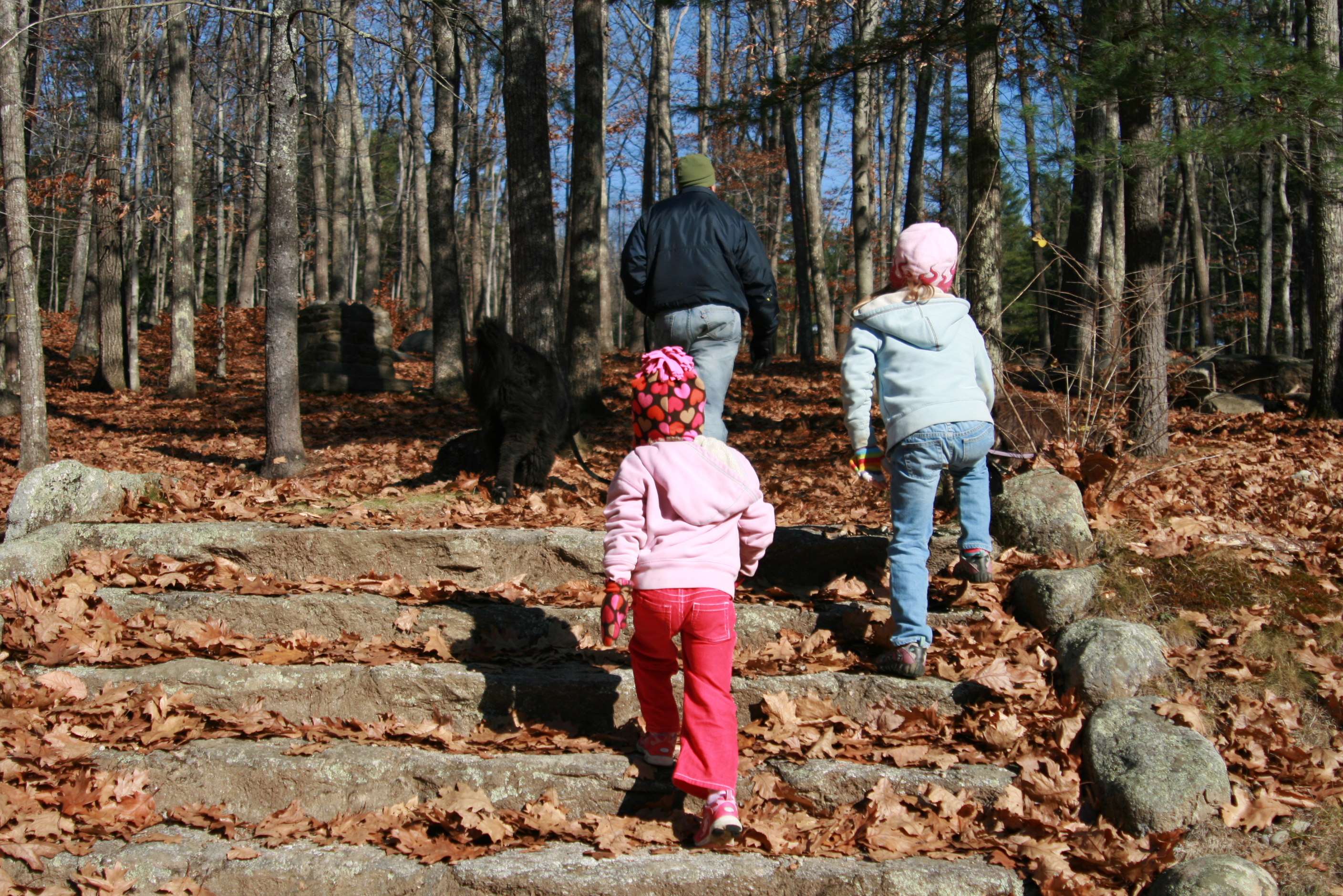 Tess took my hand as we walked through the trees. "We're slow pokes," she said. "I like going slowly because we can notice interesting things… I see lots of leaves on the ground."
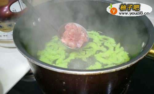 33.热水烧开,把苦瓜片放入,搅拌均匀。
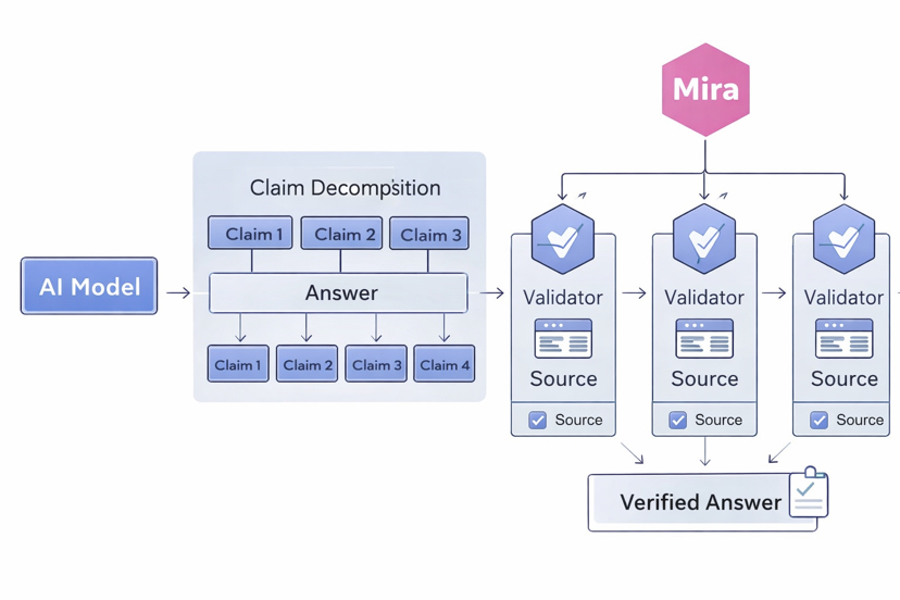 This is where a new idea begins to appear in AI infrastructure. Instead of trusting the full answer immediately the system can break the response into smaller pieces and check them individually. This is the direction networks like Mira are exploring.
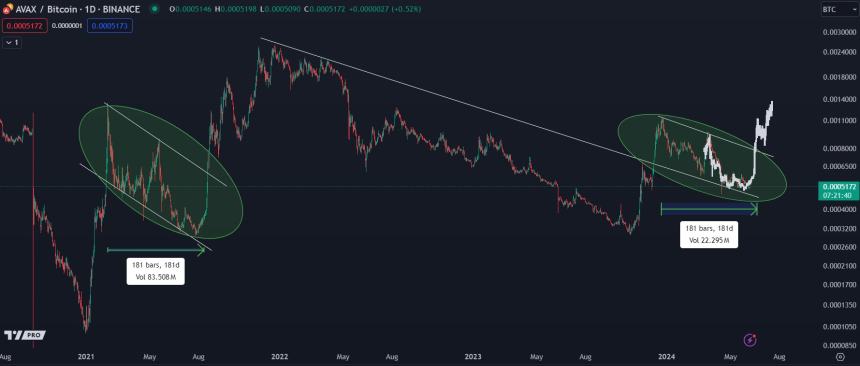Pseudonymous trader Kaleo tells his 641,800 followers on the social media platform X that Avalanche (AVAX) may be about to mirror a 2021 bullish pattern against Bitcoin (BTC).
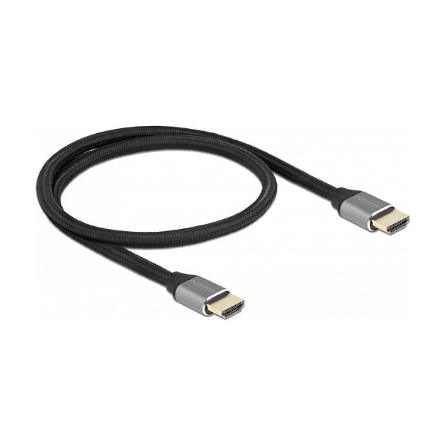 "DeLOCK Ultra High Speed HDMI Cable 48 Gbps 8K 60 Hz grey 0.5 m certified. Cable length: 0.5 m, Connector 1: HDMI Type A (Standard), Connector 1 gender: Male, Connector 2: HDMI Type A (Standard), Connector 2 gender: Male, Connector contacts plating: Gold, 3D, Data transfer rate: 48 Gbit/s, Audio Return Channel (ARC), Product colour: Grey"\n"Description
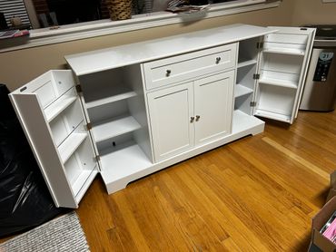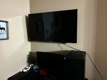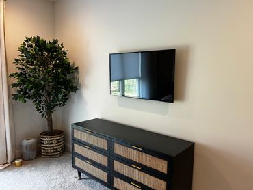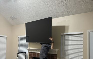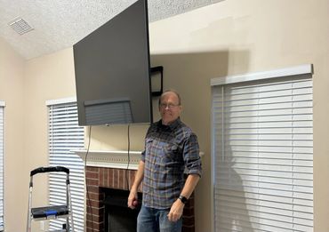 A couple weeks ago in Franklin, TN, my friend J'Anna who's in the process of moving into a new house just down the block from her current home took a couple pics of me installing her living room TV in her new living room. After I took it down at the old location, and drove it to the new place. I also re-hung 1 of 2 TVs in one of the bedrooms (not pictured here). This past week I went back and re-hung the TV in her Master Bedroom, and the 2nd TV in the other bedroom that I installed one the last time I was there. I also assembled a new kitchen hutch for her as well.
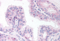 Immunohistochemistry: Paraffin-embedded Human prostate tissue. Antigen Retrieval: Steam tissue section in Citrate buffer (pH 6.0). The tissue section was stained with ARG63887 anti-ERG antibody at 10 µg/ml dilution followed by AP-staining.
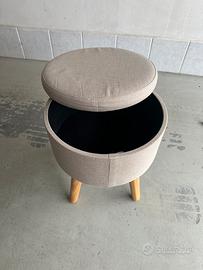 Pouf rotondo in tessuto beige con contenitore interno.
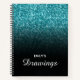 Teal Glitter Black Ombre Personalized Drawing Notebook
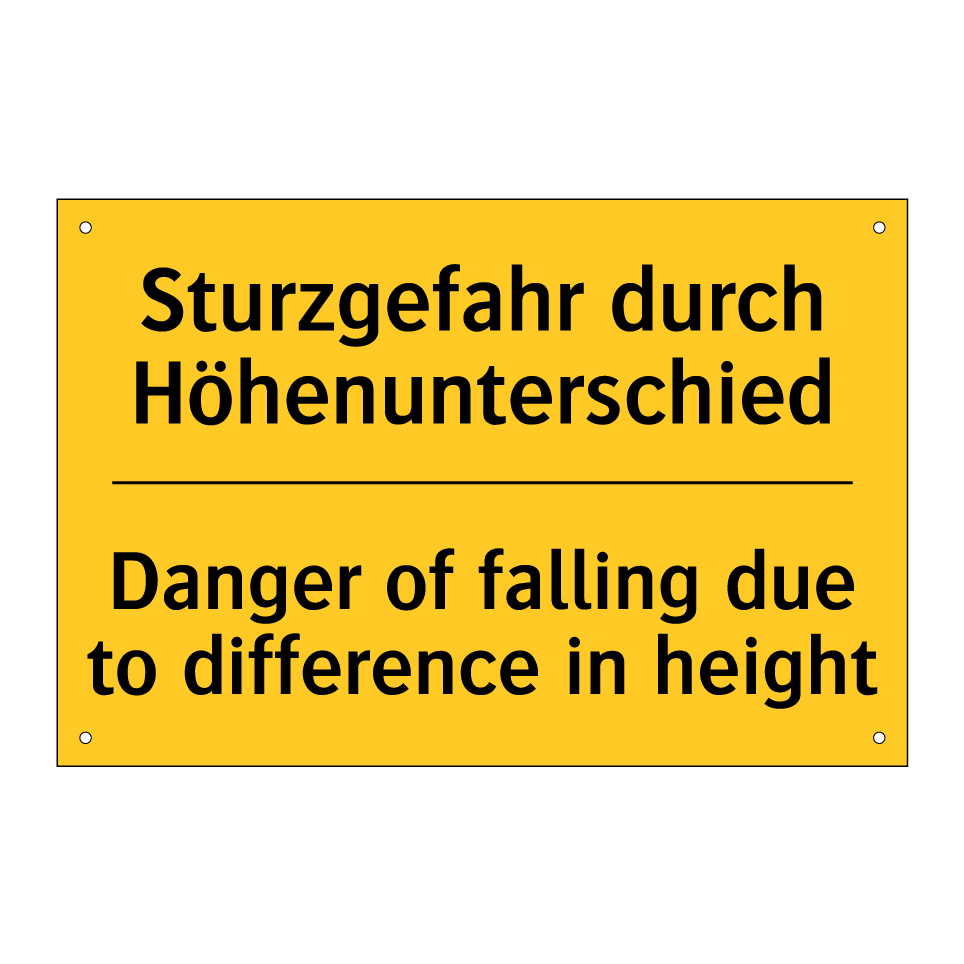 Zweisprachiges Warnschild mit deutschem Text Sturzgefahr durch Höhenunterschied und englischem Text Danger of falling due to difference in height
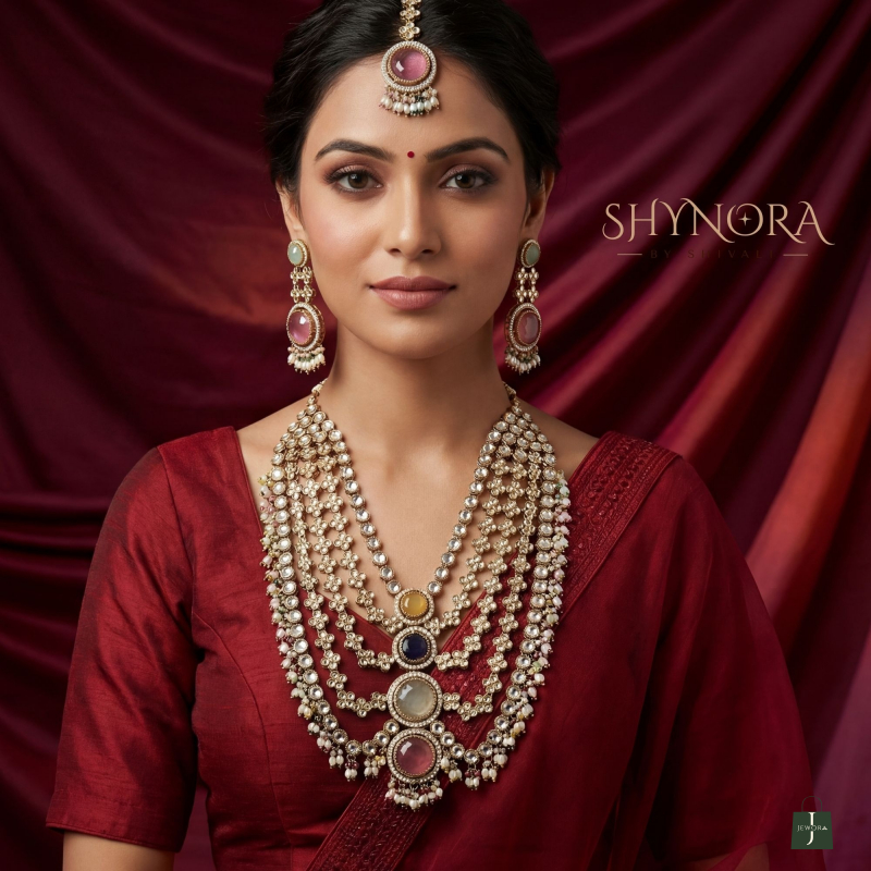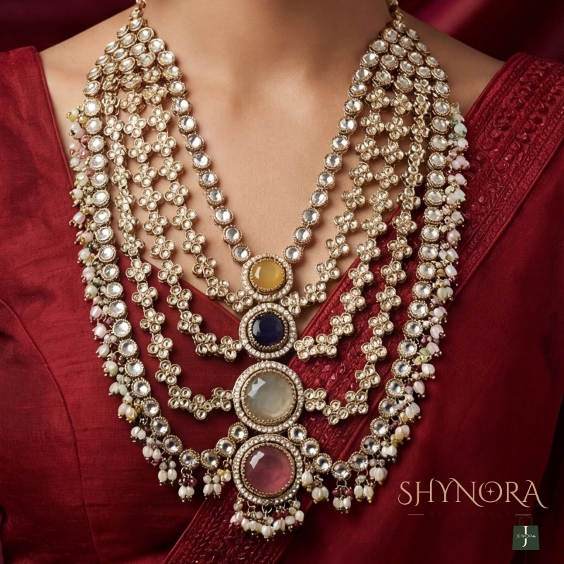 The Noor-e-Rang Multi-Layer Kundan Necklace Set is a striking blend of tradition and color harmony. This regal necklace features multiple cascading kundan strands beautifully layered and centered with round statement stones in soft multicolor tones—including rose, ivory, midnight blue, and amber hues.
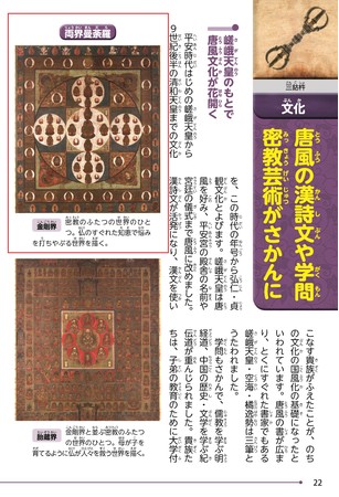 8世紀と9世紀の遣唐使の派遣と文化についての説明を選ぶ問題。「密教の世界を構図化した両界曼荼羅」は日本の歴史4巻の資料ページにカラーで掲載。
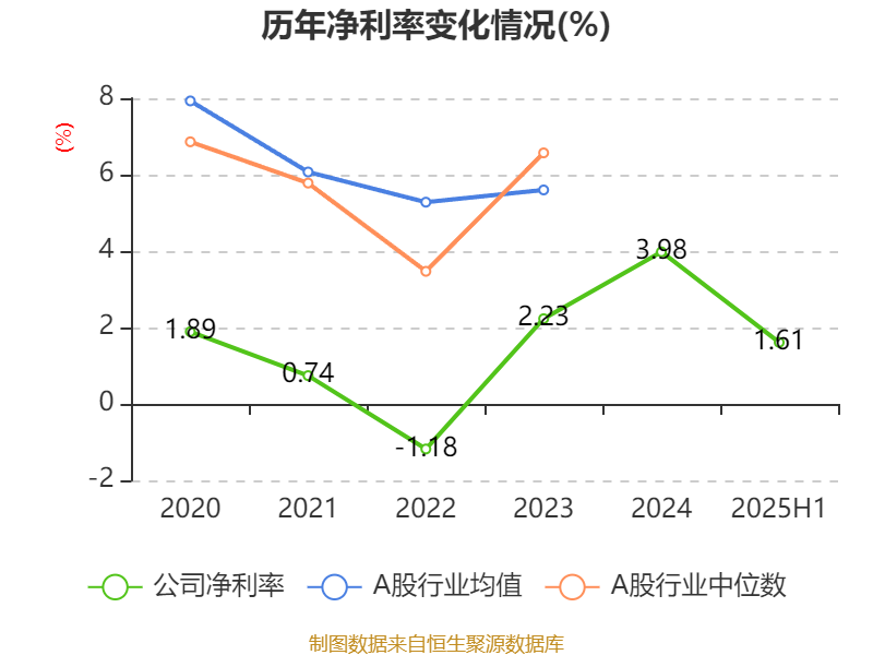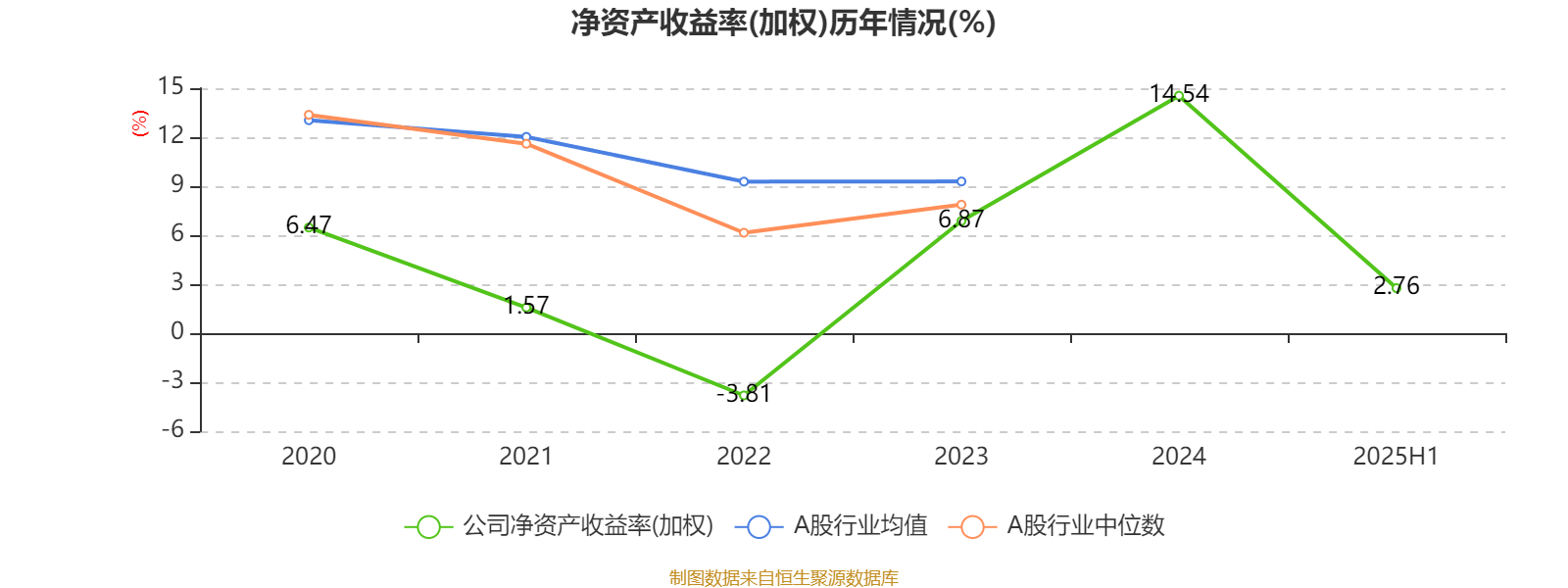 2025年上半年,公司平均净资产收益率为2.76%,较上年同期下降3.87个百分点。
================================
§ **YOUR ASSIGNMENT**
Transcribe exactly, and without any pictures, each line from the one that holds "Immunohistochemistry: Paraffin-embedded Human" through the final line of the material above.

§ **RESPONSE BOX**
 Immunohistochemistry: Paraffin-embedded Human prostate tissue. Antigen Retrieval: Steam tissue section in Citrate buffer (pH 6.0). The tissue section was stained with ARG63887 anti-ERG antibody at 10 µg/ml dilution followed by AP-staining.
 Pouf rotondo in tessuto beige con contenitore interno.
 Teal Glitter Black Ombre Personalized Drawing Notebook
 Zweisprachiges Warnschild mit deutschem Text Sturzgefahr durch Höhenunterschied und englischem Text Danger of falling due to difference in height
 The Noor-e-Rang Multi-Layer Kundan Necklace Set is a striking blend of tradition and color harmony. This regal necklace features multiple cascading kundan strands beautifully layered and centered with round statement stones in soft multicolor tones—including rose, ivory, midnight blue, and amber hues.
 8世紀と9世紀の遣唐使の派遣と文化についての説明を選ぶ問題。「密教の世界を構図化した両界曼荼羅」は日本の歴史4巻の資料ページにカラーで掲載。
 2025年上半年,公司平均净资产收益率为2.76%,较上年同期下降3.87个百分点。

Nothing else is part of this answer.